_Task requirements_: Write out exactly, with both ends included, the lines that run from the line containing "辅助检查:血尿粪常规、凝血系" to the end of the entries. Pictures are not part of the answer.

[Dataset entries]
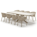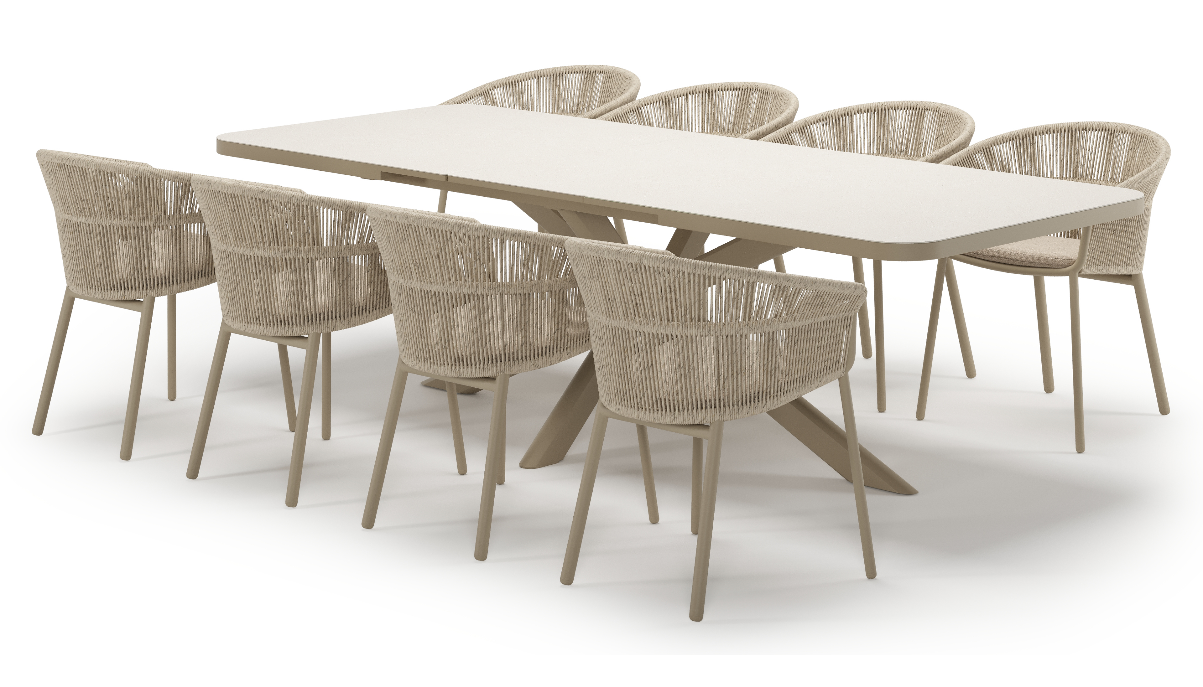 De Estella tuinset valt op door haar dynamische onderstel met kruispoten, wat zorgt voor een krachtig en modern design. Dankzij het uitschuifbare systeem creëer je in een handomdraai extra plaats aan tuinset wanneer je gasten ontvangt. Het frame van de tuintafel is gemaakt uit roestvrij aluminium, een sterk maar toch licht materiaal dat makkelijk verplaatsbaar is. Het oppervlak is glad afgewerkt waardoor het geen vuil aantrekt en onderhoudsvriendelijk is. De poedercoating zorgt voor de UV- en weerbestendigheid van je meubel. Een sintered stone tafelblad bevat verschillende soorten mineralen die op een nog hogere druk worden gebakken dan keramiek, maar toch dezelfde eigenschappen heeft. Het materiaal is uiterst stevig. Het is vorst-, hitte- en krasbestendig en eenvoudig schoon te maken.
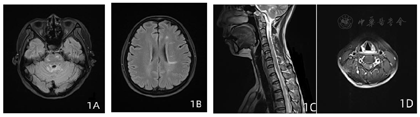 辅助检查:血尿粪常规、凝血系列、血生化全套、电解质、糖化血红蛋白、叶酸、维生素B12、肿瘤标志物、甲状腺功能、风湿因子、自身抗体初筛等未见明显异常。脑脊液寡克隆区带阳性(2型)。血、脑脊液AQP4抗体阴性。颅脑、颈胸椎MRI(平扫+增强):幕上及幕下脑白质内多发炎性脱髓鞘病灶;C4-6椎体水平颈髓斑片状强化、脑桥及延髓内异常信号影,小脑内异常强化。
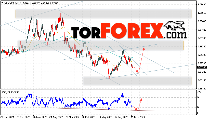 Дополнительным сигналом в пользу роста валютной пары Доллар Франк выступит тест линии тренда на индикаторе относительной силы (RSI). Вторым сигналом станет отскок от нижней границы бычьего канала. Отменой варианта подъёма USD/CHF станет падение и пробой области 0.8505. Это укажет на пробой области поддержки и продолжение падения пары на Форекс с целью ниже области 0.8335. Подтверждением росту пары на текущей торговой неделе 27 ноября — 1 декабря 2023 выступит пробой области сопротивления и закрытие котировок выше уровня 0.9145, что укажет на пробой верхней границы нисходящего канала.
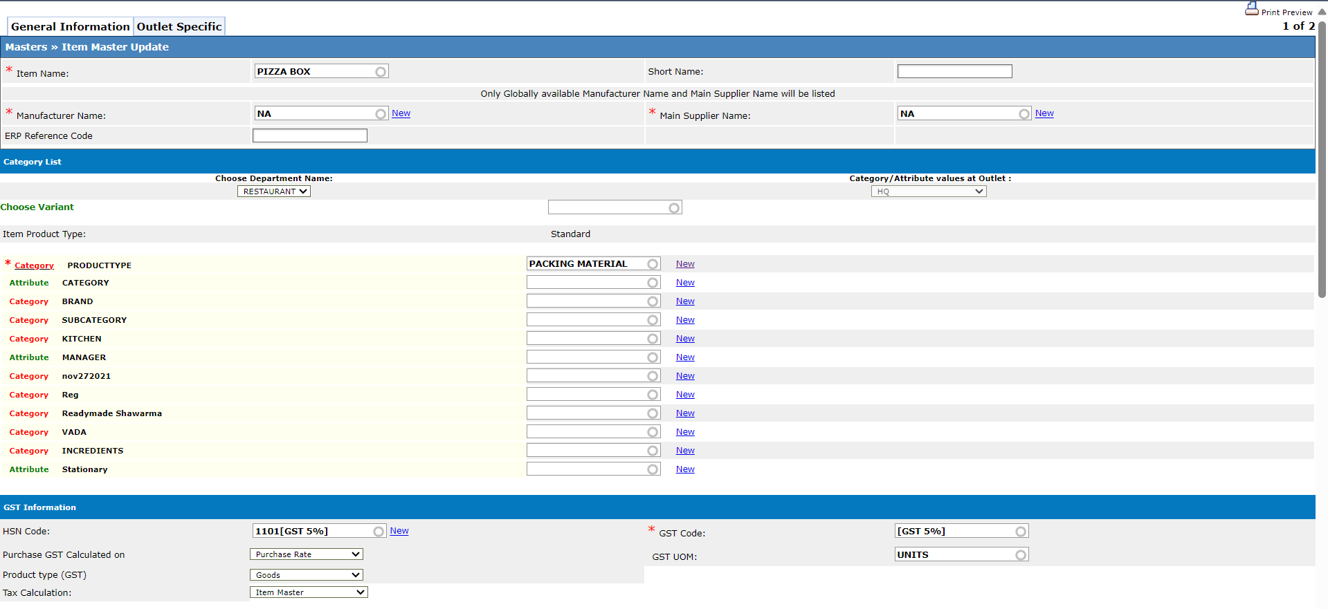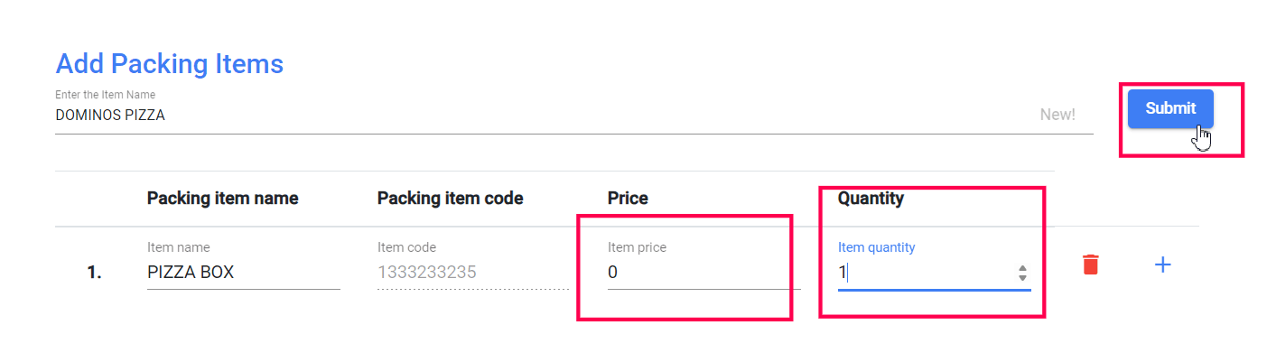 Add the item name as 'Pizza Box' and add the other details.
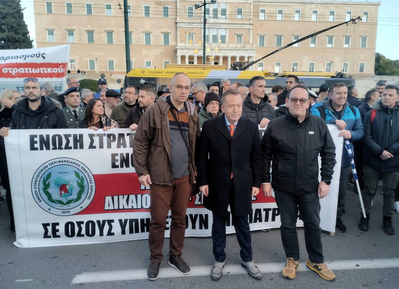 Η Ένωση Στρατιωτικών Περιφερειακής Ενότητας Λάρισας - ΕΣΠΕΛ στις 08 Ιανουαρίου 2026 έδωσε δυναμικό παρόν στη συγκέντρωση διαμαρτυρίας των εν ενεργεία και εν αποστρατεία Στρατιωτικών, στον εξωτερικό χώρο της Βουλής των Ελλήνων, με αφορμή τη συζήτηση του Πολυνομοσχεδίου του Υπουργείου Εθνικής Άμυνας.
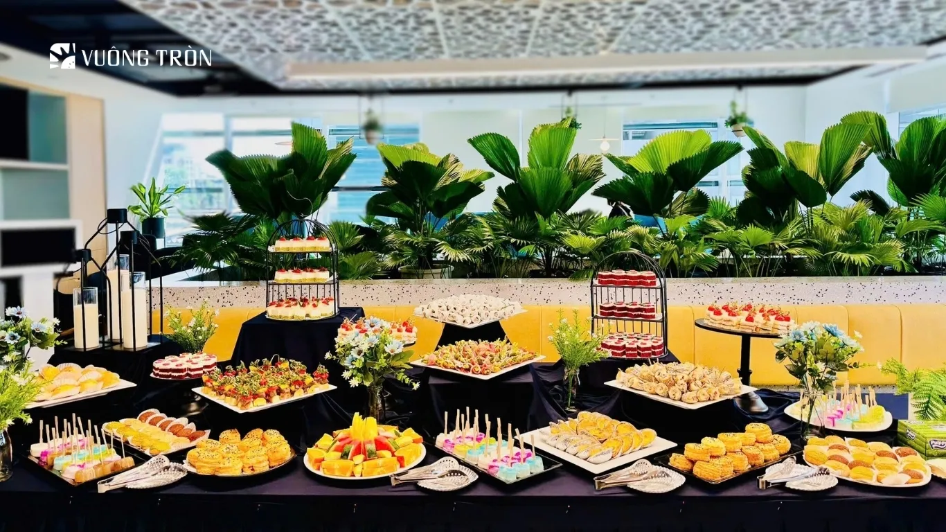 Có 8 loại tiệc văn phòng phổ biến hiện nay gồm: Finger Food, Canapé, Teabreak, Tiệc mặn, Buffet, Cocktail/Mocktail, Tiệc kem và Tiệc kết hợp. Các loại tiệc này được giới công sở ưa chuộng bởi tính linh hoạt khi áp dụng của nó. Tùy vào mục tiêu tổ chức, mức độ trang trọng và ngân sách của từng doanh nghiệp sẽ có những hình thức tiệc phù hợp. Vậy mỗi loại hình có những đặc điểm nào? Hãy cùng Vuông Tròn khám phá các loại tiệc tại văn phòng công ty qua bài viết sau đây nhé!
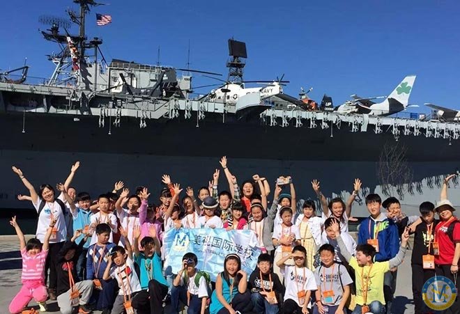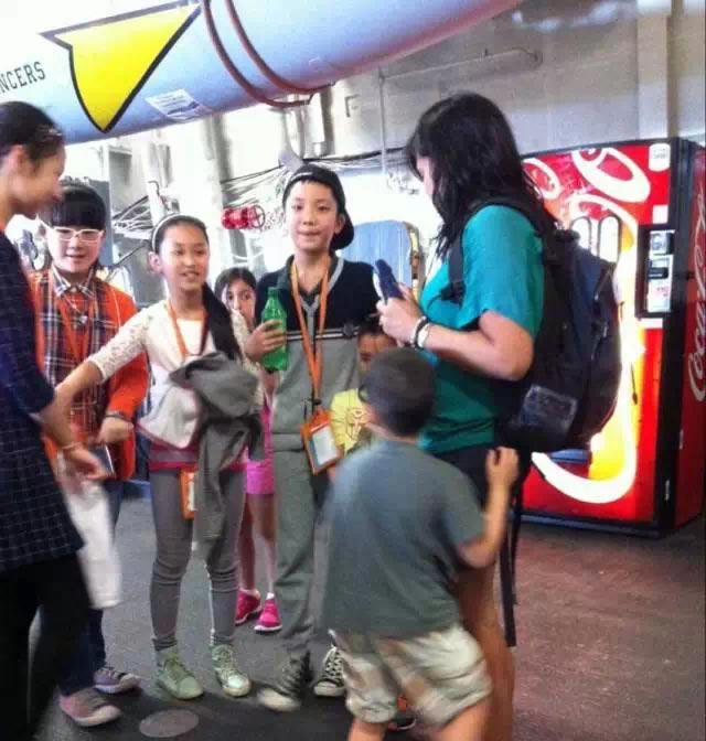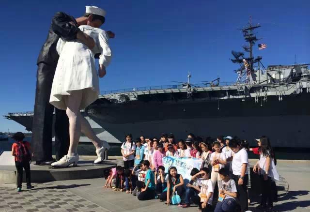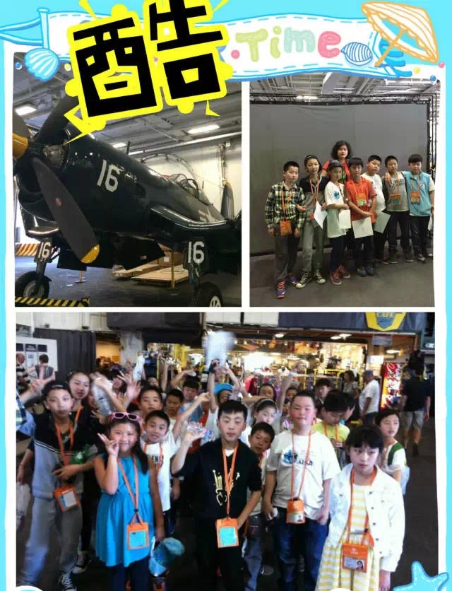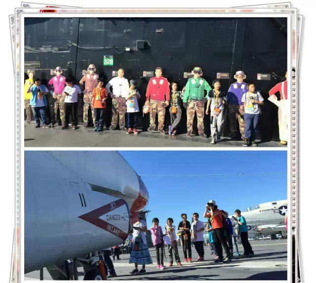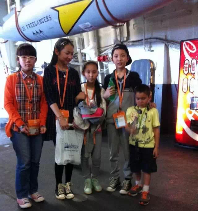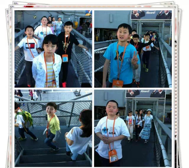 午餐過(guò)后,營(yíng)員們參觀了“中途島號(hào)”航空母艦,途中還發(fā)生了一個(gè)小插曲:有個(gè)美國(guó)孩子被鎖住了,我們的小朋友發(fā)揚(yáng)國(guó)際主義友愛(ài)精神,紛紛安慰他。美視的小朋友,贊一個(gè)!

_Reply_:
 辅助检查:血尿粪常规、凝血系列、血生化全套、电解质、糖化血红蛋白、叶酸、维生素B12、肿瘤标志物、甲状腺功能、风湿因子、自身抗体初筛等未见明显异常。脑脊液寡克隆区带阳性(2型)。血、脑脊液AQP4抗体阴性。颅脑、颈胸椎MRI(平扫+增强):幕上及幕下脑白质内多发炎性脱髓鞘病灶;C4-6椎体水平颈髓斑片状强化、脑桥及延髓内异常信号影,小脑内异常强化。
 Дополнительным сигналом в пользу роста валютной пары Доллар Франк выступит тест линии тренда на индикаторе относительной силы (RSI). Вторым сигналом станет отскок от нижней границы бычьего канала. Отменой варианта подъёма USD/CHF станет падение и пробой области 0.8505. Это укажет на пробой области поддержки и продолжение падения пары на Форекс с целью ниже области 0.8335. Подтверждением росту пары на текущей торговой неделе 27 ноября — 1 декабря 2023 выступит пробой области сопротивления и закрытие котировок выше уровня 0.9145, что укажет на пробой верхней границы нисходящего канала.
 Add the item name as 'Pizza Box' and add the other details.
 Η Ένωση Στρατιωτικών Περιφερειακής Ενότητας Λάρισας - ΕΣΠΕΛ στις 08 Ιανουαρίου 2026 έδωσε δυναμικό παρόν στη συγκέντρωση διαμαρτυρίας των εν ενεργεία και εν αποστρατεία Στρατιωτικών, στον εξωτερικό χώρο της Βουλής των Ελλήνων, με αφορμή τη συζήτηση του Πολυνομοσχεδίου του Υπουργείου Εθνικής Άμυνας.
 Có 8 loại tiệc văn phòng phổ biến hiện nay gồm: Finger Food, Canapé, Teabreak, Tiệc mặn, Buffet, Cocktail/Mocktail, Tiệc kem và Tiệc kết hợp. Các loại tiệc này được giới công sở ưa chuộng bởi tính linh hoạt khi áp dụng của nó. Tùy vào mục tiêu tổ chức, mức độ trang trọng và ngân sách của từng doanh nghiệp sẽ có những hình thức tiệc phù hợp. Vậy mỗi loại hình có những đặc điểm nào? Hãy cùng Vuông Tròn khám phá các loại tiệc tại văn phòng công ty qua bài viết sau đây nhé!
 午餐過(guò)后,營(yíng)員們參觀了“中途島號(hào)”航空母艦,途中還發(fā)生了一個(gè)小插曲:有個(gè)美國(guó)孩子被鎖住了,我們的小朋友發(fā)揚(yáng)國(guó)際主義友愛(ài)精神,紛紛安慰他。美視的小朋友,贊一個(gè)!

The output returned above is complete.